Puck alters NHL ref's outlook

JIM KERNAGHAN -- London Free Press

, Last Updated: 8:45 AM ET

Outwardly, Don Van Massenhoven has changed a bit. Getting your face crushed by a puck will do things like that.

Inwardly, the National Hockey League ref from Strathroy has changed, too.

Nobody comes back from what he experienced without an altered outlook.

Perhaps you recall the gory details. The guy everyone calls Van Mass was hit flush in the face by a deflected shot on Nov. 23. Talk about rolling craps. It was game No. 711 in his career.

Getting nailed in the head by a puck travelling nearly 160 km/h is one of those concerns players and officials submerge.

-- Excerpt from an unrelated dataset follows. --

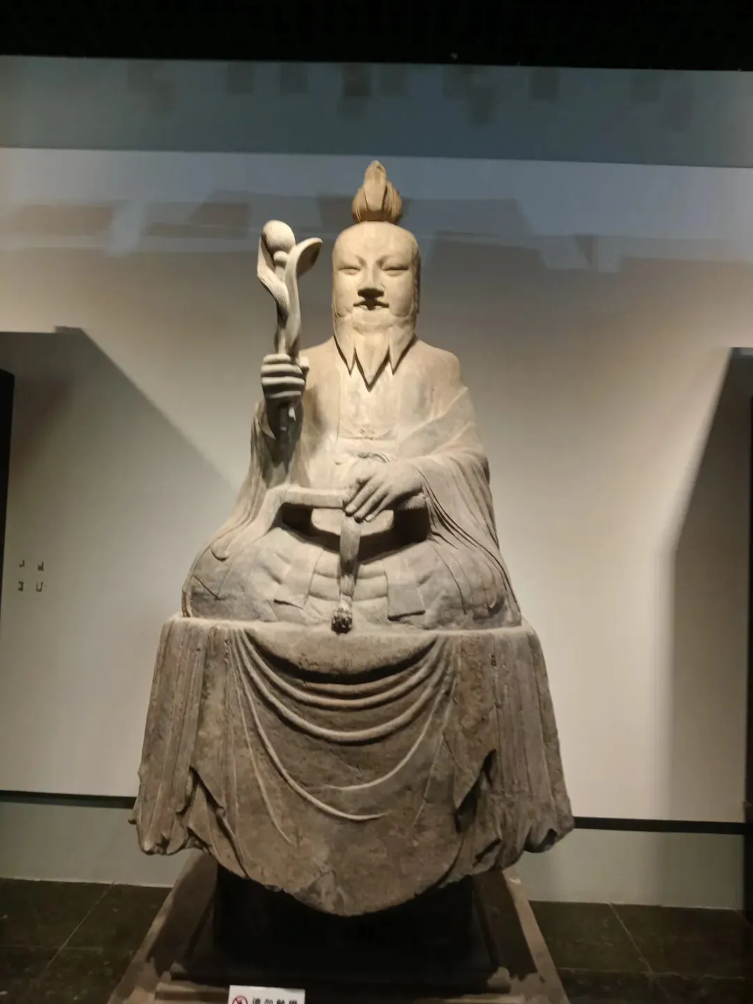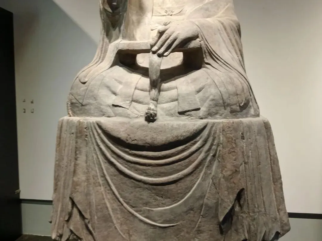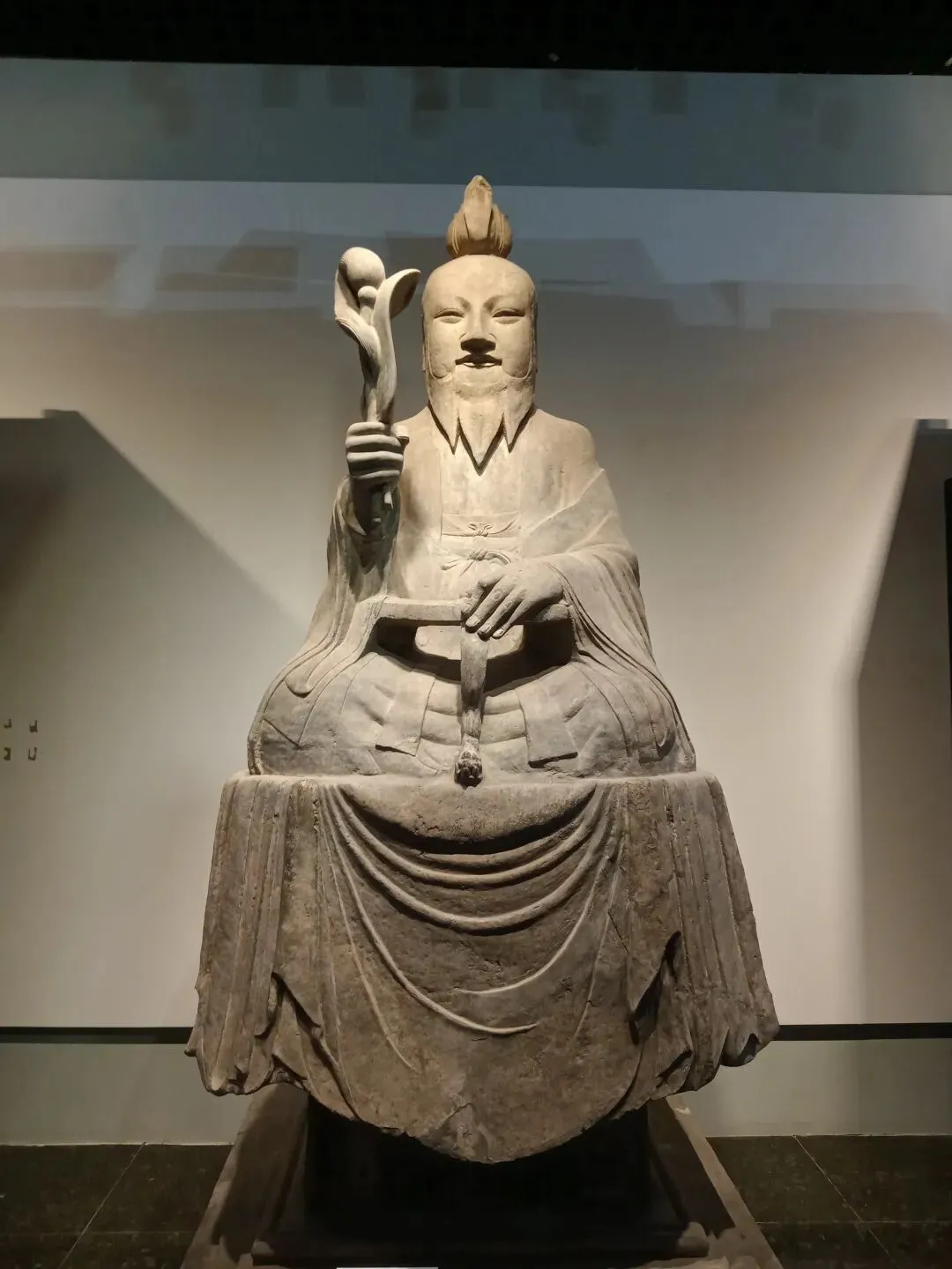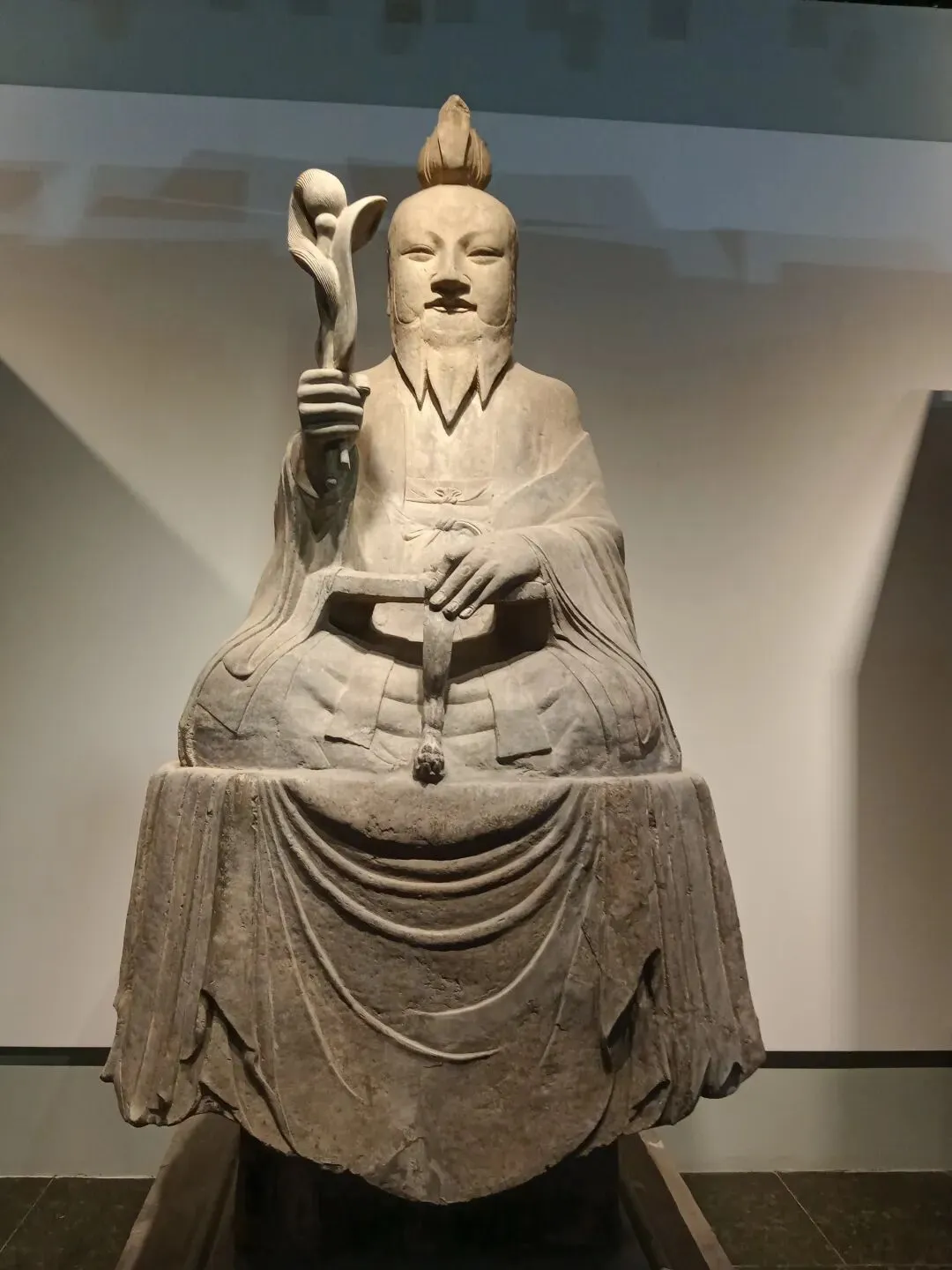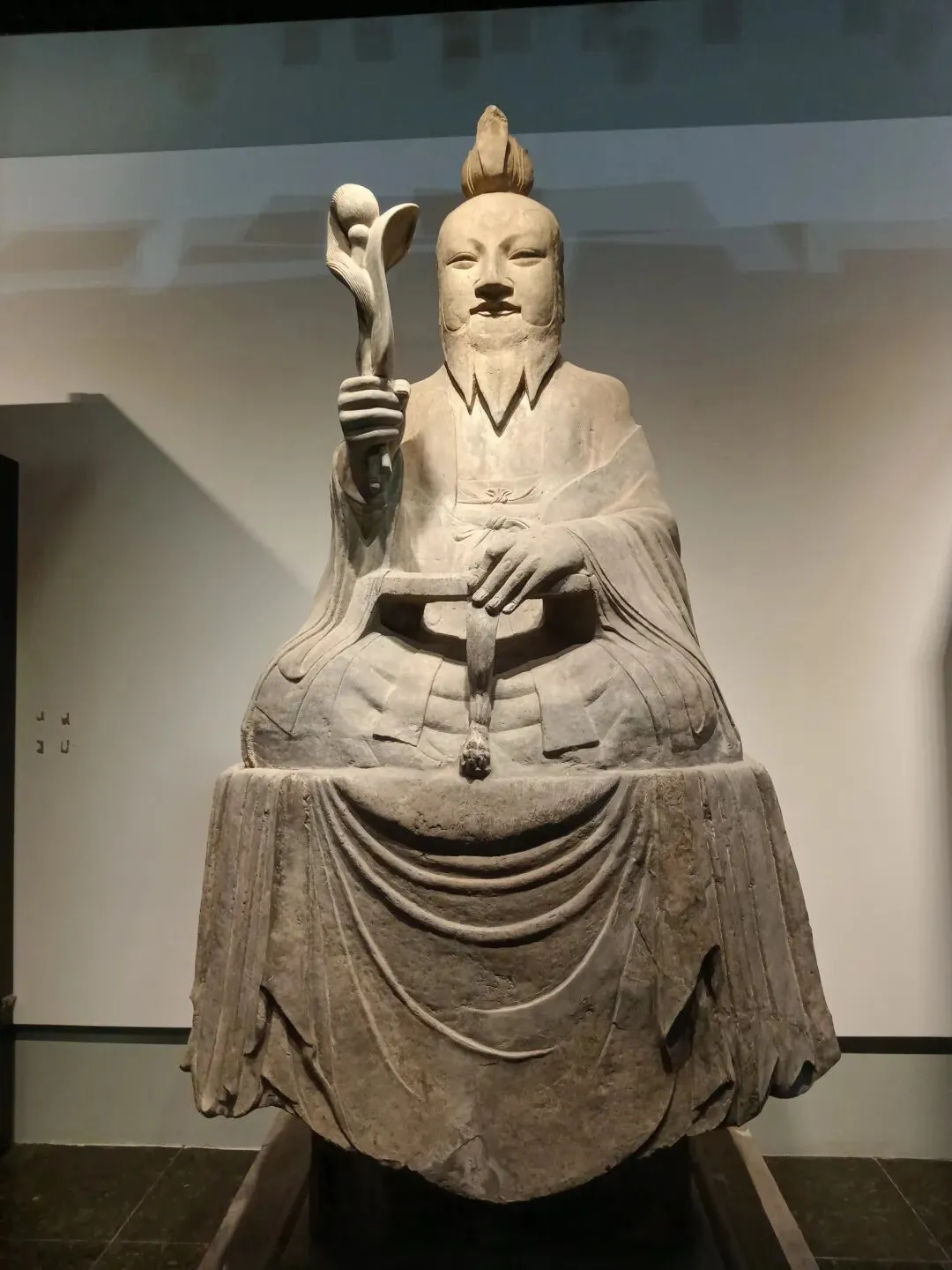 常阳天尊像造型丰颐,线条圆润流畅,具有典型的唐代造像风格。天尊头戴莲花形冠,面相丰颐,细目微眯,长髯垂胸,神态安详慈和。天尊身着宽大道袍,盘坐于长方形石座之上。右手执芭蕉扇和拂尘,左手凭几而放,颇具仙风道骨之韵。石像面容饱满,衣纹清晰流畅,气度不凡。基座四周线刻着莲花、忍冬、仙鹤等祥瑞纹样,底座正面刻天尊像铭并序,两侧及背面线刻弟子道士像和供养人姓氏。2002年国家文物局发布的《首批禁止出国(境)展览文物目录》中,常阳天尊像以其独特的历史和艺术价值成为首批禁止出国(境)展览文物之一。

It's there, just as it is with the pitcher being beaned by a line drive, but it's subjugated, brought to the surface by an incident such as that suffered by Van Massenhoven or earlier, by Toronto coach Pat Quinn, Leafs captain Mats Sundin, Pittsburgh's John Leclair and others in varying severity.

None was as severe as Van Massenhoven's.

The blast drove his nose back to the point the septum was nearly touching his brain, the bone below one eye was broken and his forehead was shattered.

That's most of the damage. Now, the repairs.

Seven titanium plates were required, along with tissue taken from his abdomen, to rebuild his face. There's always a bit of inner rebuilding, too.

Like those bomber crews returning in tatters in the Second World War, he was right back in action the moment he'd healed.

And like them, there was some trepidation upon his return three weeks and a dozen games ago.

"There was no fear factor but I was on pins and needles," Van Massenhoven said.

It's not as though he's a stranger to peril. Ten years as an OPP officer put him in some precarious positions.

Much has been written about the special nature of the hockey community, the loosely defined patchwork of groups and associations that comprise the game. It is not a myth, it exists as strongly in the sport as in any other -- and Van Massenhoven can testify to the fact.

League officials immediately flew to Florida to be at his side. Letters, phone calls and e-mails rolled in.

And when he came back, he was greeted warmly. Imagine that, a ref getting a welcome from players.

"Every game, players have made kind comments," Van Massenhoven said. "It gives you a pretty warm feeling."

Does he approach the game any differently? No. Does he handle himself differently? Yes.

Aside from donning a face mask (along with many other officials in the aftermath of his accident), he doesn't do anything he didn't do before the awful mishap -- other than maintain an even higher level of alertness.

"You're supposed to watch the play, not the puck, but I'm more aware of the puck now," he said.

He's had one zip over his head since his return. The 6-foot-6 ref ducked.

"It didn't bother me," he said.

Van Massenhoven is back, as solid as ever, and wiser.

Terming this season eventful for the likeable official understates the case. Just two days before his own accident, he was handling the game in which Detroit defenceman Jiri Fischer collapsed on the bench. His heart had stopped.

Fischer was revived but is not likely to play again. Maybe that event so close to his own is a counterpoint for Massenhoven. He is able to continue.

Coming up is a positive event. Van Massenhoven will officiate in the Olympic Games in Turin, Italy.

He's among four refs (Paul Devorski, Dennis LaRue, Dan Marouelli). The NHLers will join six International Ice Hockey Federation referees.

A Stanley Cup final assignment for Van Mass would be an appropriate exclamation point to his season.